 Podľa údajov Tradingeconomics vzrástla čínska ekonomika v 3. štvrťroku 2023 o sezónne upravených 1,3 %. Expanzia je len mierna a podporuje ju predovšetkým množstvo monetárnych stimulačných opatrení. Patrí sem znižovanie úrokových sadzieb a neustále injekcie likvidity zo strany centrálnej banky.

******

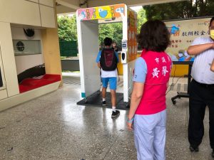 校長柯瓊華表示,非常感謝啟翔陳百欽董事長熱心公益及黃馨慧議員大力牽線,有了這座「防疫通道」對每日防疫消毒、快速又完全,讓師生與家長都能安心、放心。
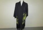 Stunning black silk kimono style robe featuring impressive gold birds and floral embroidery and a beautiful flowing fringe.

******

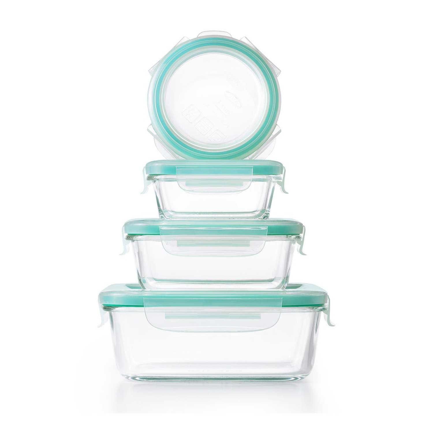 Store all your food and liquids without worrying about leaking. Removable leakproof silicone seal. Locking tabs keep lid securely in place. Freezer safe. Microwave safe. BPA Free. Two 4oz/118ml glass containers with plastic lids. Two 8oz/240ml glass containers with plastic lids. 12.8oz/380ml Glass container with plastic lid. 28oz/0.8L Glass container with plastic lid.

******

Your assignment » Beginning with the line above that has "校長柯瓊華表示,非常感謝啟翔" and going on through the line that has "Stunning black silk", retype every line exactly and add nothing else; drop the pictures.

Exercise output »
 校長柯瓊華表示,非常感謝啟翔陳百欽董事長熱心公益及黃馨慧議員大力牽線,有了這座「防疫通道」對每日防疫消毒、快速又完全,讓師生與家長都能安心、放心。
 Stunning black silk kimono style robe featuring impressive gold birds and floral embroidery and a beautiful flowing fringe.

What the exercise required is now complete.